### Directions for this task
Give back the exact lines of the material below from the one containing "Błażej Kustra•Oct 4, 2023•6" through the one containing "tegel van aardewerk", and no pictures.
.....
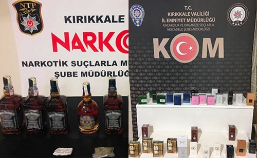 İl Emniyet MüdürlüÄŸü Narkotik Suçlarla Mücadele Åžubesi ekipleri, Cumhuriyet BaÅŸsavcılığı koordinesinde, kent genelinde uyuÅŸturucu kullanımı ve satışıyla mücadele çalışmaları kapsamında H.G'nin aracında arama yaptı. Ekipler, aramada 10,54 gram esrar maddesi ve TAPDK bandrolü bulunmayan 7 litre alkollü içecek ele geçirdi. Gözaltına alınan zanlı hakkında adli iÅŸlem baÅŸlatıldı. Kaçakçılık ve Organize Suçlarla Mücadele Åžubesi ekipleri de Åž.K'nin (27) İstanbul'dan Kırıkkale'ye kaçak parfüm getirdiÄŸi ihbarı üzerine çalışma baÅŸlattı. Zanlıyı kent merkezindeki bir otelde yakalayan ekipler, yanında bulunan poÅŸet içerisinde kaçak olduÄŸu deÄŸerlendirilen 30 ÅŸiÅŸe parfüm ve bir kulaklık ele geçirdi. Åžüpheli hakkında adli iÅŸlem baÅŸlatıldı.
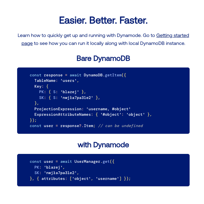 Błażej Kustra•Oct 4, 2023•6 min readAmazon’s DynamoDB is an exceptional NoSQL database, famous for its scalability and performance. But let’s spill the tea here: while it’s a fantastic database service, operating on DynamoDB through AWS SDK can be about as user-friendly as a cactus. 😅
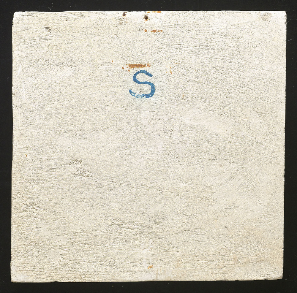 tegel van aardewerk in tinglazuur, voorstellende: la...
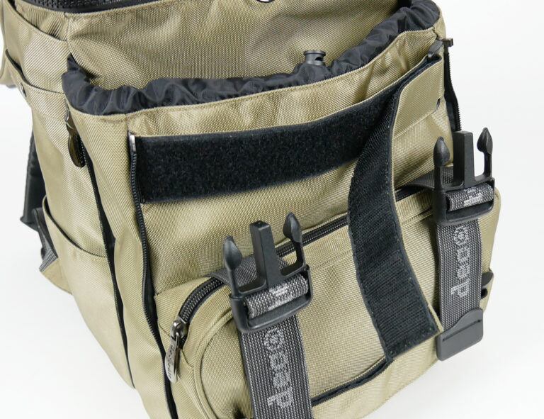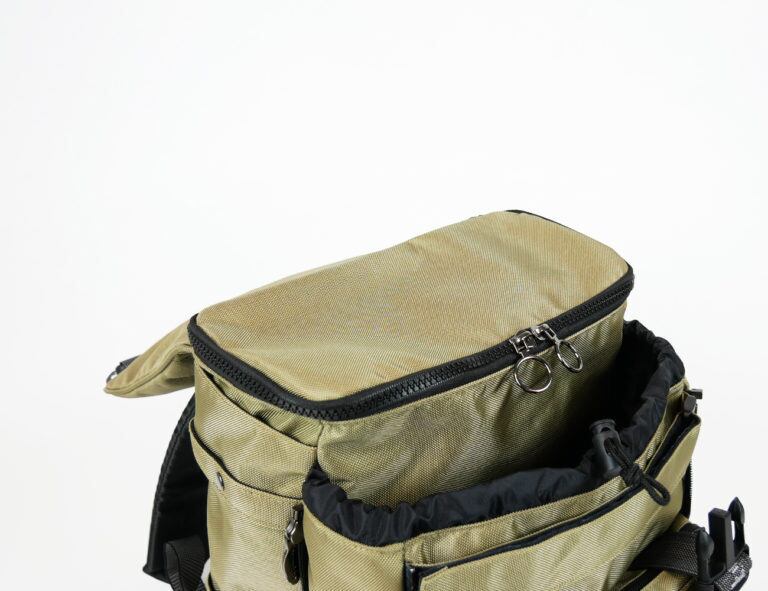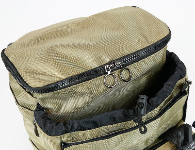 そんなメインコンパートメントの外側には、両サイドにファスナーを備えたサブコンパートメントが。こちらはファスナーでコンパートメントの奥行きを詰めたり広げたりできるので、荷物が少ないときにはコンパクトなシルエットで使うことが可能です。
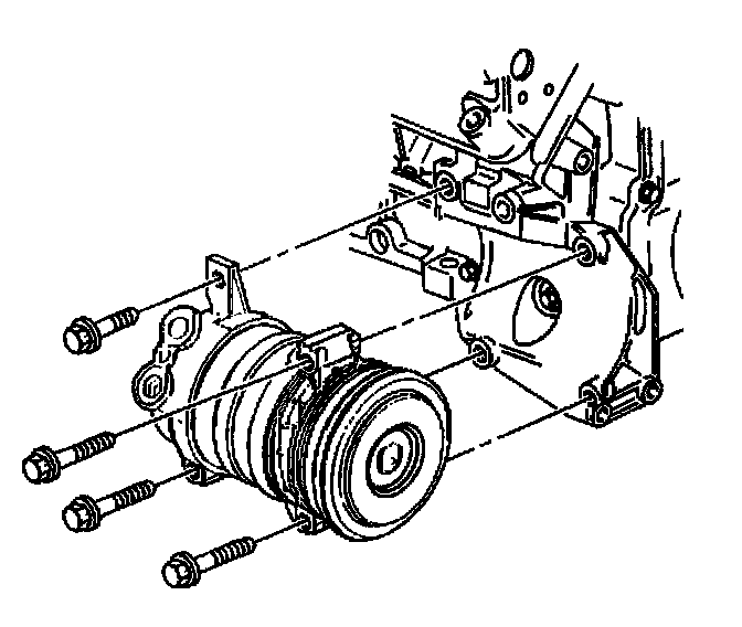 2. Install the A/C compressor to the bracket through the fender well. Insert the mounting bolt into the lower right mounting boss before installing the A/C compressor.
.....
### Answer to this problem
 Błażej Kustra•Oct 4, 2023•6 min readAmazon’s DynamoDB is an exceptional NoSQL database, famous for its scalability and performance. But let’s spill the tea here: while it’s a fantastic database service, operating on DynamoDB through AWS SDK can be about as user-friendly as a cactus. 😅
 tegel van aardewerk in tinglazuur, voorstellende: la...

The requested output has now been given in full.